Our results indicated that the VBI toolkit effectively estimates posterior distributions of control parameters in whole-brain network modeling, offering a deeper understanding of the mechanisms underlying brain activity. For example, using the Montbrio and Wong-Wang models, we achieved a close match between observed and predicted FC/FCD matrices derived from BOLD time series (Figure 7 and Figure 8). Additionally, the Jansen-Rit and Stuart-Landau models provided accurate inferences of PSD from neural activity (Figure 4, and Figure 5), while the Epileptor model precisely captured the spread of of seizure envelopes (Figure 6). These results underscore the toolkit’s capability to manage complex, high-dimensional data with precision. Uncertainty quantification usingVBI can illuminate and combine the informativeness of data features (e.g., FC/FCD) and reveal the causal drivers behind interventions [37, 69, 59]. This adaptability ensures thatVBI can be applied across various (source-localized) neuroimaging modalities, accommodating different computational capabilities and research needs.

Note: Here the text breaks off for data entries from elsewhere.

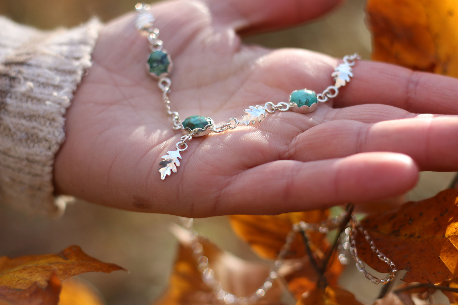 Entre ellas, cinco hojas de roble caladas a mano dan ritmo y textura al conjunto, moviéndose con el cuerpo y atrapando la luz en sus bordes.
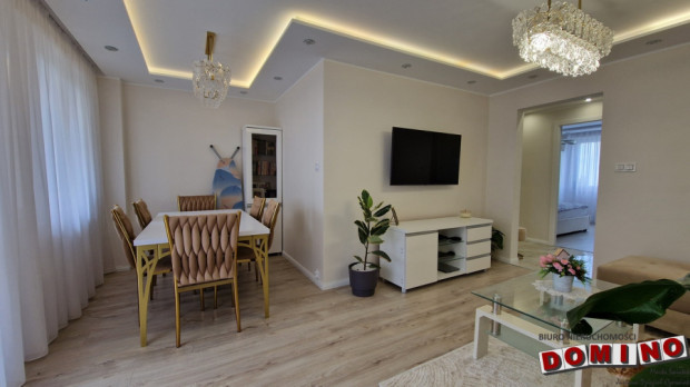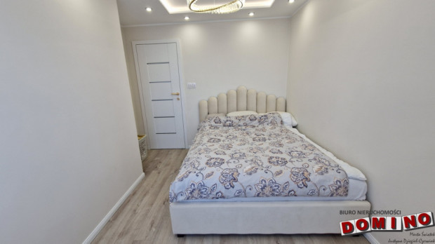 W 2024 roku nieruchomość przeszła generalny remont, który objął dosłownie każdy element – od wylewek i prostowania ścian po zabudowę meblową oraz detale wykończeniowe. Położono panele o wysokiej klasie ścieralności, zamontowano drzwi zewnętrzne antywłamaniowe, drzwi wewnętrzne, bez przylgowe firmy DRE – nowoczesne, minimalistyczne, idealnie wpisujące się w całość aranżacji, oraz w całym mieszkaniu podwieszane sufity wraz z oświetleniem ledowym. Łazienka wykończona płytkami o ciekawym kolorze, prysznic wygodny, duży z odpływem liniowym. Dla podniesienia komfortu mieszkańców zainstalowano w salonie klimatyzator z funkcją chłodzenia i grzania. Aby móc wygodnie mieszkać w przedpokoju postawiono dużą, zabudowaną szafę. Całość została wykończona pozłacanymi dodatkami, stylowymi żyrandolami i pięknymi meblami – detale, które robią różnicę i podkreślają styl glamour. W mieszkaniu nie ma termy – co oznacza większą wygodę i bezpieczeństwo. Miesięczny czynsz wynosi ok. 1000 zł (plus prąd i gaz).
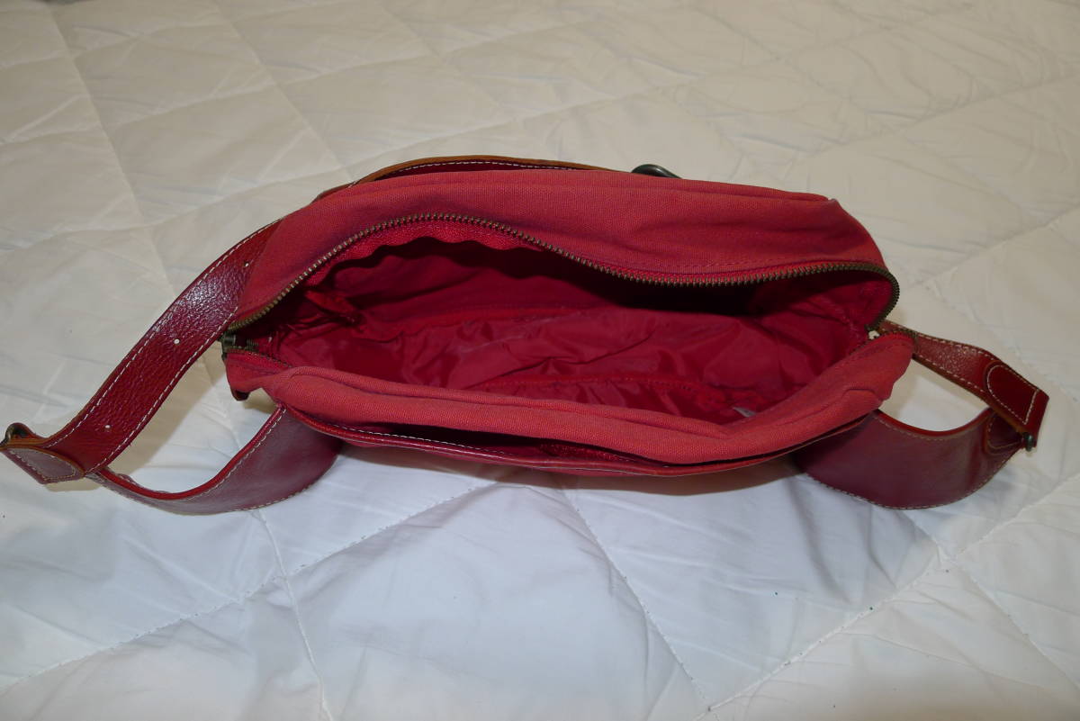 ロゼレッド 赤色地/長さ調節式ショルダー兼用ベルト・ファスナー開閉式・前面部ファスナー開閉式外縫いポケット・背面部マジックテープ開閉式オープンポケット・内部オープンポケット×1 など
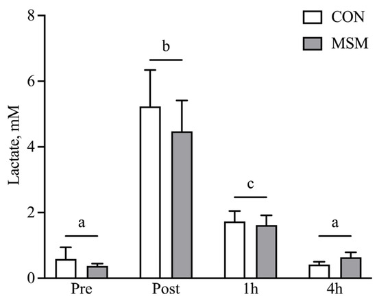 Blood lactate response following a submaximal SET test. Blood lactate increases at 10 min post-exercise, followed by a decline to baseline by 4 h following a submaximal SET test. MSM treatment did not affect blood lactate prior to or following exercise. Means and SEMs are shown. Different letters indicate significance at p < 0.05.
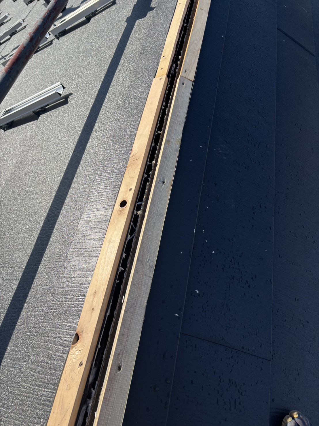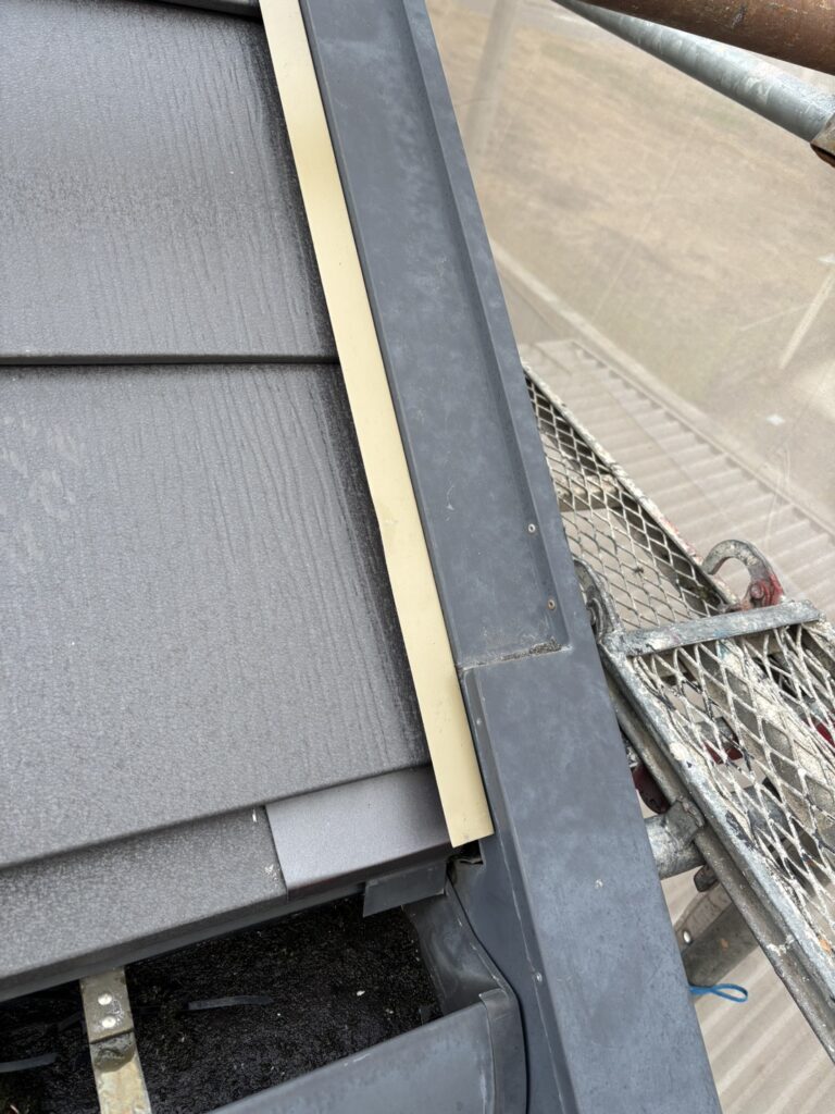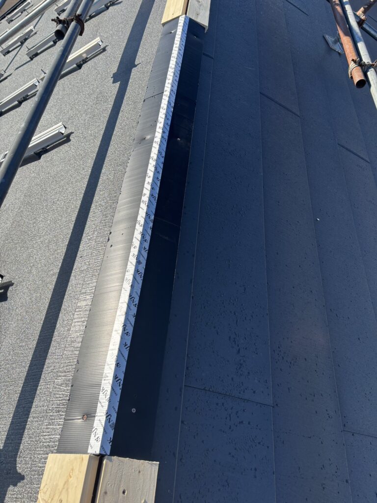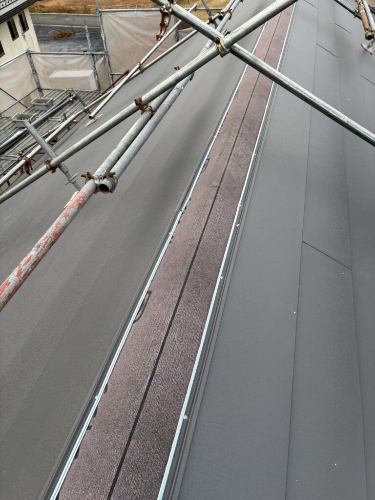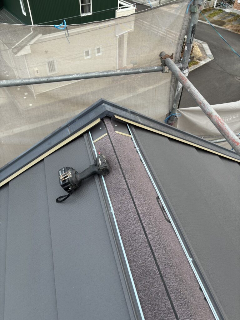 大屋根の棟にガルバリウムの棟の板金を取り付けていきます。
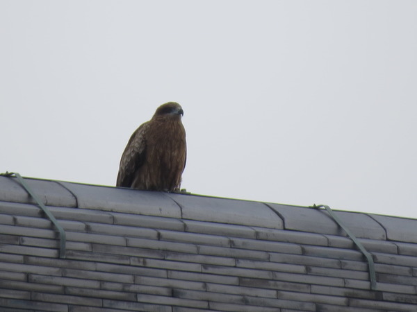第三天下午為了參加「八坂神社」下午三點的舞妓表演,我們吃飽逛街之後,在「四条通」東行往祇園方向前進,聽到老鷹的鳴聲,仰頭尋找,發現牠就停在店家的屋頂上。
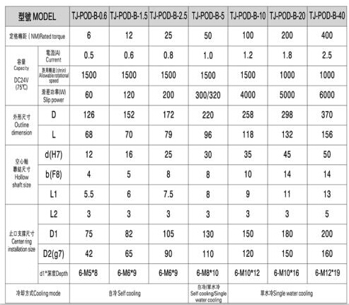 空心孔式磁粉制動器尺寸參數表!東莞天機傳動孔式磁粉制動器即空心旋轉型磁粉制動器,
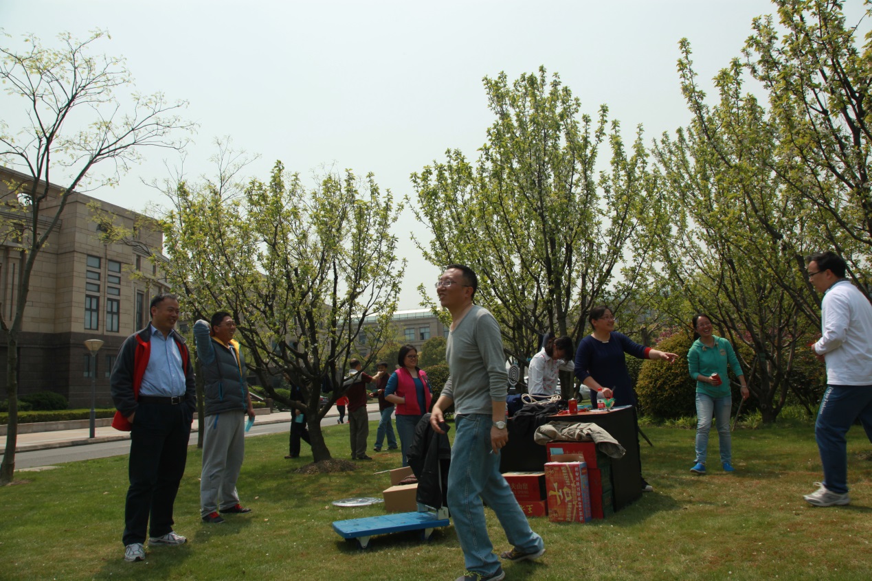 4月16日星期四的中午,阳光明媚,暖风徐徐。江湾校园,法学院旁,樱花树下,绿茵之上,生命科学学院工会为全体教职工提供了一次别开生面的趣味运动会。将飞盘挂在樱花树下比试飞镖,将垃圾回收箱做篮筐练练投篮精准,几辆自行车围成球门秀秀射门脚法,还有端球接力、跳长绳、滚铁环、踢毽子,虽然设施简单,但形式独特,气氛高涨。短短2小时左右的午休时间,趣味运动会吸引了近百位教职工老师的参与,党委书记陈浩明老师也来小试拳脚。草地上老师们的欢笑声此起彼伏,同学们的喝彩声亦不绝于耳。活动后,每位参加两个项目以上的老师还能获得一份小礼品,参加全部项目的老师获得双份礼品。工会主席杨亚军老师说:“礼品虽小,但希望能鼓励老师们从办公室里走出来,关注运动与健康。”活动后很多老师都表示这样的趣味活动可以健身和福利两不误,还促进了老师们的交流,希望工会能多组织。
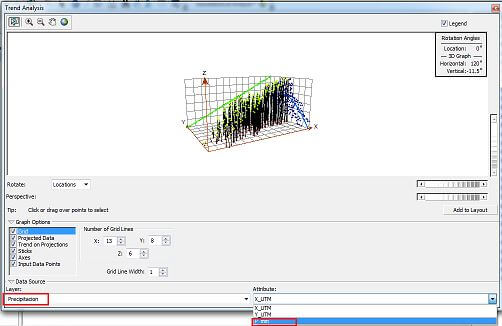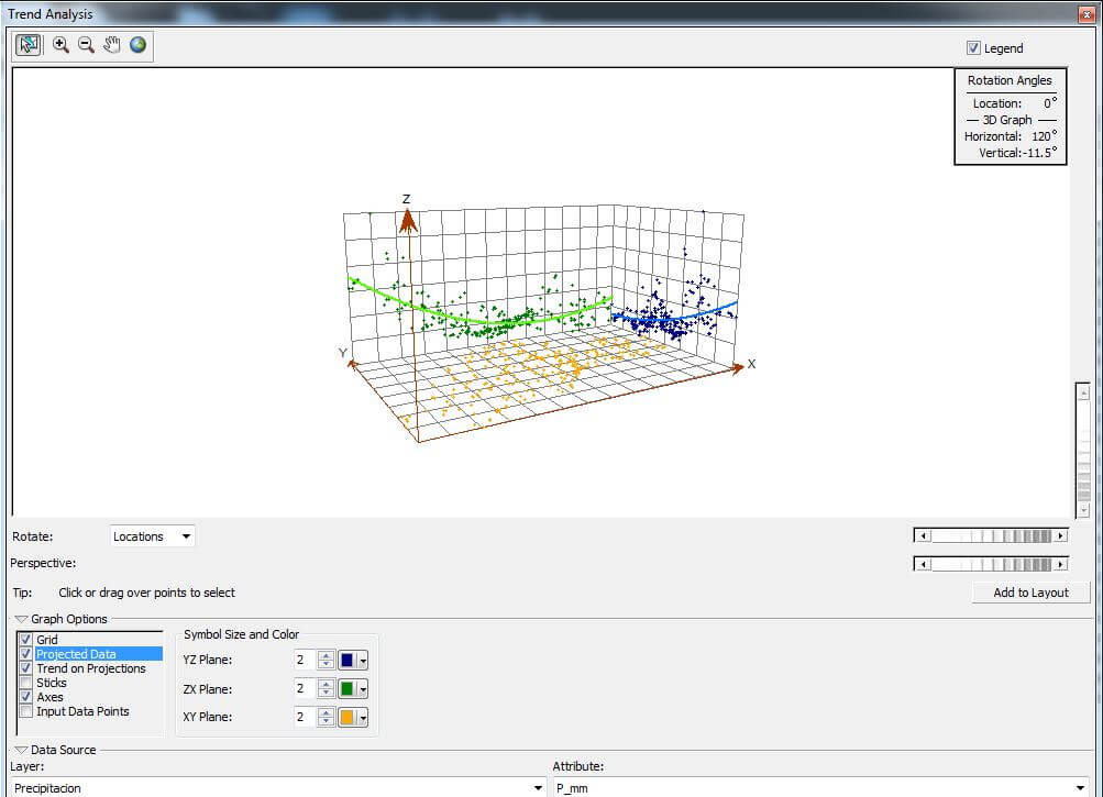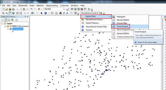 Ahora sí podemos realizar el análisis de tendencias espaciales con ArcGIS para comprobar si existen tendencias direccionales de las precipitaciones así que agregamos nuestra capa de estaciones pluviométricas al proyecto y después seleccionamos la opción para realizar el análisis que queremos hacer Geostatistical Analyst < Explore Data < Trend Analysis.

Note that there is no specific rule for determining the optimal number of simulations required for training. In general, a larger number of simulations, depending on the available computational resources, tends to improve the quality of posterior estimation. However, when using synthetic data, we can monitor the z-score and posterior shrinkage to assess the accuracy and reliability of the inferred parameters (see Figure S10). This also critically depends on the parameter dimensionality. For instance, in estimating only global coupling parameter, a maximum of 300 simulations was used, demonstrating accurate estimation across models and different configurations (see Figure S20), except for the Jansen-Rit model, where coupling did not induce a significant change in the intrinsic frequency of regional activity. Importantly, the choice of data features is critical, and some factors (e.g., that lead to inaccurate feature calculation) can lead to the collapse of this method. For instance, high noise levels in observations or dynamical noise can compromise the accurate calculation of data features, undermining the inference process (see Figure S7, Figure S8, Figure S15, Figure S16). Identifying the set of low-dimensional data features that are relevant to the control parameters for each case study is another challenge in effectively applying SBI. Nevertheless, the uncertainty of the posterior informs us about the predictive power of these features. Statistical moments of time series could be effective candidates for most models. However, this poses a formidable challenge for inference from empirical data, as certain moments, such as the mean and variance, may be lost during preprocessing steps. The hyperparameter and noise estimation can also be challenging for SBI. Moreover, there is no established rule for determining the number of simulations for training, aside from relying on z-score values during in-silico testing, as it depends on available computational resources.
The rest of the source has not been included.